In the matter between:

 

BIDVEST STEINER

Applicant


and



COMMISSIONER PIETER WILLEM LOURENS N.O


First Respondent

THE CCMA


Second Respondent

ADELE SNYMAN

Third Respondent


 

Heard:  10 May 2023


Delivered23 May 2023


Summary:  Review – Commissioner is not entitled to interfere with the sanction of an employer if the sanction is one that is fair. Labelling of a charge is irrelevant for the purposes of determining the fairness of a dismissal. A dismissal is fair if it is for a fair reason – related to conduct. A reasonable decision-maker will not substitute the sanction of the employer in the circumstances where the employee is guilty of misconduct. A reasonable decision-maker will not find procedural unfairness simply on the basis of the manner in which the charge had been crafted by an employer.  Held: (1) The award is reviewed and set aside and it is replaced with an order that the dismissal is fair. (2) There is no order as to costs.

 

 JUDGMENT


MOSHOANA, J

 

Introduction

 

[1] This application agitates the important question of whether dismissal as a sanction may be interfered with simply because an employer had given a misconduct a particular label and the commissioner gives it another. In this application, the applicant, Bidvest Steiner (Steiner) is seeking to review and set aside an arbitration award issued under the hand of the learned Commissioner Pieter Willem Lourens (Lourens), in terms of which, Lourens found that the dismissal of the third respondent, Ms. Adele Snyman (Snyman) was unfair both substantively and procedurally. Having found the dismissal to be unfair, Lourens ordered Steiner to pay Snyman compensation.
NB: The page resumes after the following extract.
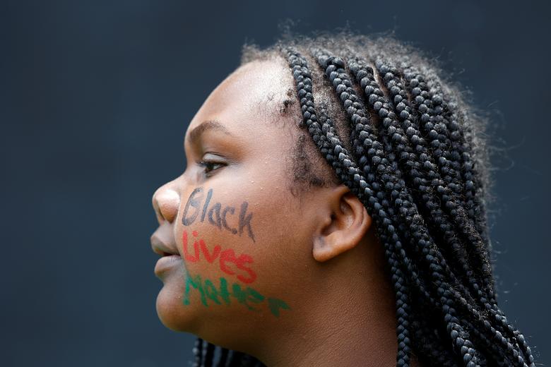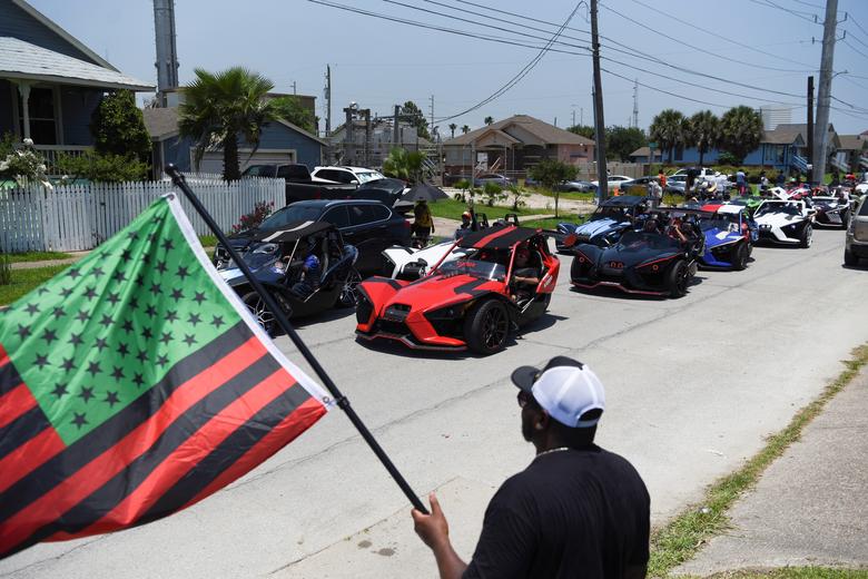 ٹیکساس کے علاقے گیلوسٹن میں ایک شخص افریقی رنگوں سے مزین امریکی جھنڈا تھامے کھڑا ہے۔

The present application is duly opposed by Snyman.  

 

Background facts

 

[2] Although Lourens rendered a 55-paged arbitration award, a relatively long arbitration award by any standards, the factual matrix appertaining this dispute are less complicated and to a large degree common cause. Accordingly, in this judgment, a full rendition of the facts is not necessary. Steiner is a service providing entity. It provides cleaning and maintenance services to various clients. Snyman was employed as its General Manager, a senior position, in one of its branches. During 2018, it was observed that the branch under the beacon of Snyman began to underperform.


[3] Resultantly, on 16 November 2018, Snyman was placed on a precautionary suspension pending disciplinary steps. On 29 November 2018, Snyman was issued with a notification to attend a disciplinary enquiry in order to respond to six allegations of misconduct. The charges were crafted by the Regional Executive, Mr. Mynhardt (Mynhardt). For the purposes of this judgment only one of the allegations, for reasons that will become apparent in due course, shall be extrapolated. Mynhardt crafted it in the following terms:

 

2 Gross Negligence

(i) You failed to exercise the degree of care as expected of you, in that you failed to ensure that there is control over Ad-hoc tickets.

(ii)  Your failure to exercise due care has resulted in the loss of revenue as some of the affected clients have been lost and the company is unable to get reimbursed.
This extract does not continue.